At this point, it is practically impossible to talk about software development without talking about AI. The two have become so closely intertwined that it now feels unusual not to have AI integrated into our IDE and working alongside us in our daily activities in one way or another.
This article starts from an important premise. AI brings us tremendous benefits and has become an indispensable tool, not only for software developers but also for other technical roles, including QA professionals like myself.

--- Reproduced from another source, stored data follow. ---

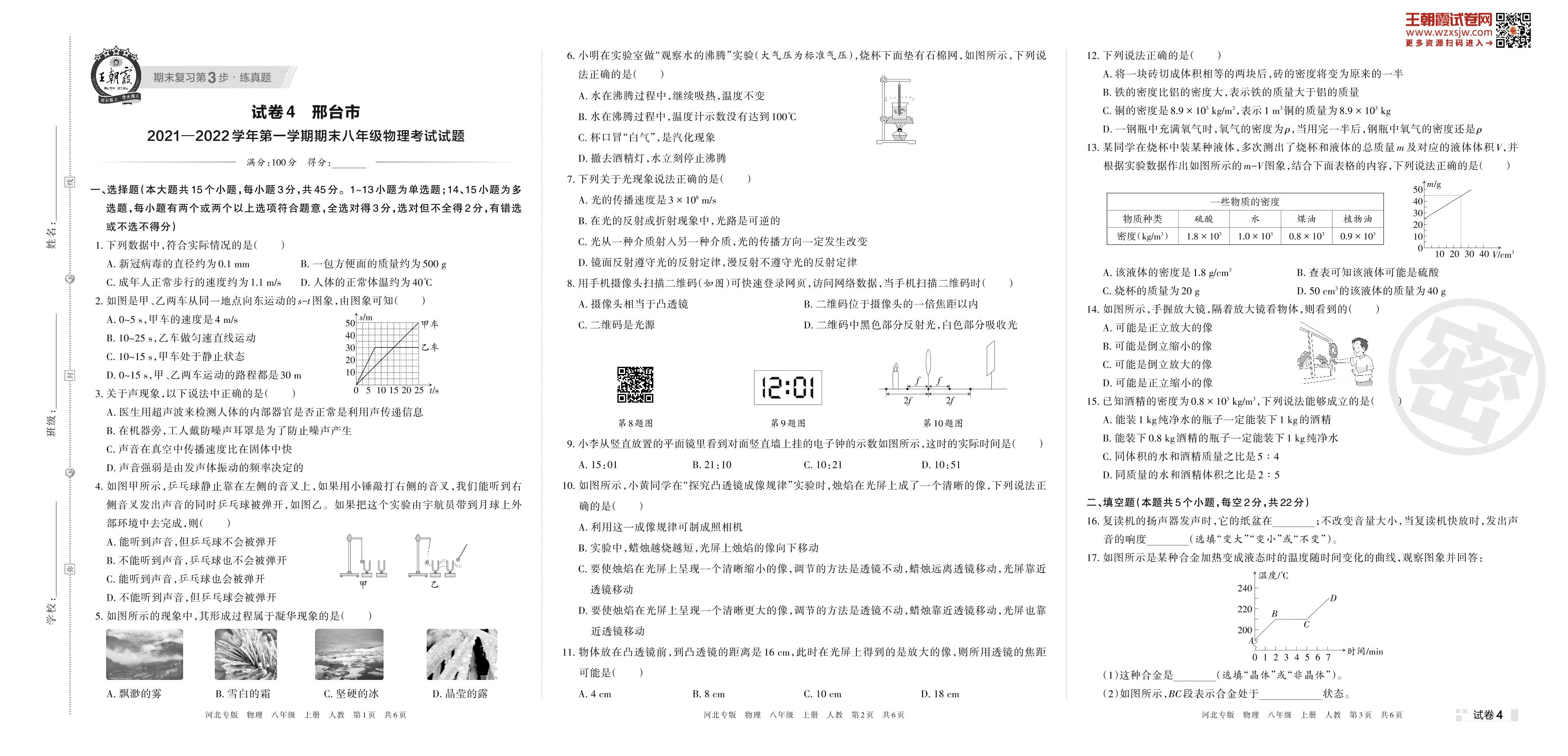 八年级物理人教版上册期末卷
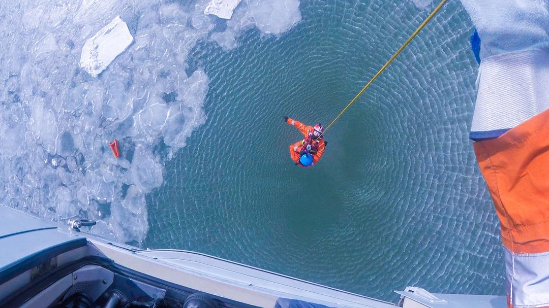 圖為海軍航空兵某部搜救員張闖首次進行冰海救援。
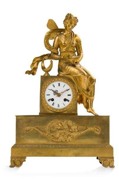 PENDULE en bronze ciselé et doré à décor d'une femme drapée à l'antique te
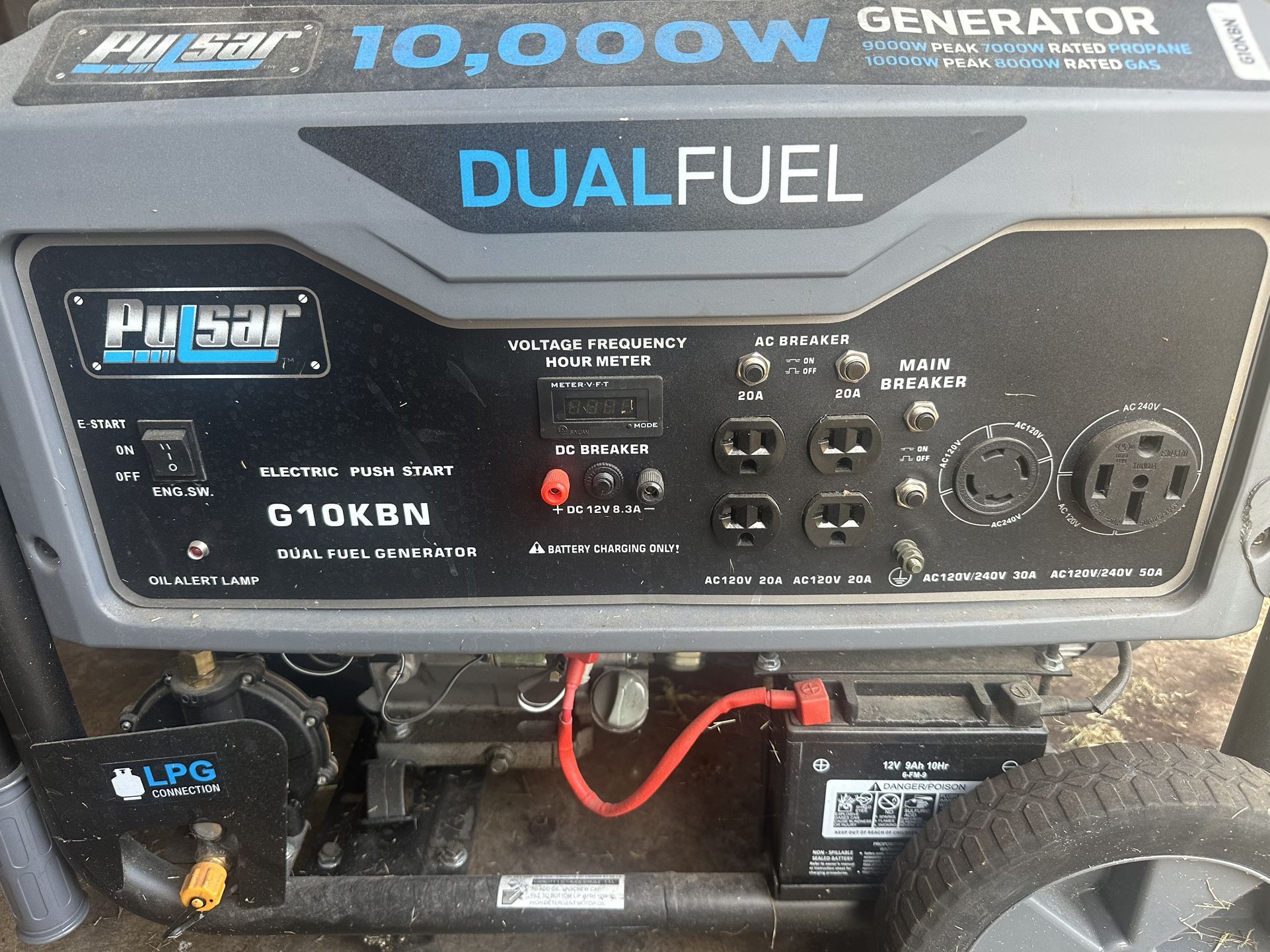 Lightly used Pulsar 10000 Watt Dual Fuel generator. Propane or gas powered. Electric push start. More specs in pictures.

By now, there are countless articles discussing the advantages of using AI. However, I find it much harder to come across content that addresses some of the issues that are increasingly emerging due to a “less-than-conscious” use of this technology.
Apparent Productivity vs. Real Quality
AI has multiplied our ability to generate code and deliver features at a speed that would have seemed impossible just a few years ago. In most cases, that is undeniably a positive development.
The problem arises when we start measuring productivity based on the number of closed tickets, commits, automated tests, or even AI prompts executed without considering the quality of the output.
Speed has increased, but that does not necessarily mean quality has improved as well, or even remained at the same level.
Sometimes we rush, even when nobody is explicitly asking us to. If Real Betis could wait six months for Isco Alarcón to recover from injury, surely a software feature can be delivered two days later.
Just as a football player can relapse if they return before fully recovering, code that is delivered prematurely will likely require rework if it has not received the necessary attention throughout all development phases.
In fact, many projects are beginning to experience something concerning. More issues are being detected in later stages, regressions are increasing, and maintenance is becoming more complex, even though it appears that teams are "moving faster."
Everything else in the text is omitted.